“They always say time changes things, but you actually have to change them yourself.”
― Andy Warhol
There are some people that experience tremendously impactful and stressful events that seem to grow from them and quickly. This is what the Polish psychologist Dombrowski termed “Post Traumatic Growth”, the positive mirror of PTSD (Post Traumatic Stress Disorder), where the effects of the event echo in a negative manner for years.
Two people can experience the same event side by side (9/11, chemotherapy, war) and turn out completely different because of how they are raised (those with greater resilience tend towards PTG) and the choices they make from the event forward.
Those who sit in misery tend to compound it. Look at Lt. Dan in “Forrest Gump”: his negative interpretation and outlook compounded until the storm that he chose to use as a cathartic event to begin his healing process. Outwardly Lt. Dan was the same but internally he changed not through time but through his choice.

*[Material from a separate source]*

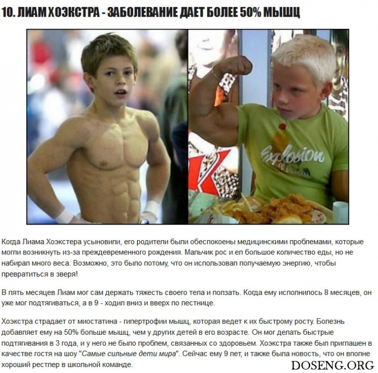 Большинство этих детей начали тренироваться, как только научились ходить. Одной девочке отец одел на руки утяжелители, чтобы она могла качать свои мышцы, будучи еще в детской кроватке! Также в нашем листе есть ребенок, который страдает от заболевания, способствующего невероятно быстрому росту его мышц. Мне это представляется настоящей суперспособностью!

It definitely is not an easy choice.
It will take ego shattering work.
It takes wrestling with faith and fate.
It takes brutal honesty.
But in choosing to change perspective and then thoughts and actions, the trauma can be converted to a catalyst for growth, converting victim into ultimate victor as Nazi Holocaust survivor and author of “Man’s Search for Meaning” Viktor Frankl embodied. Changing your interpretation of the seminal event requires effort, but ultimately can change the world.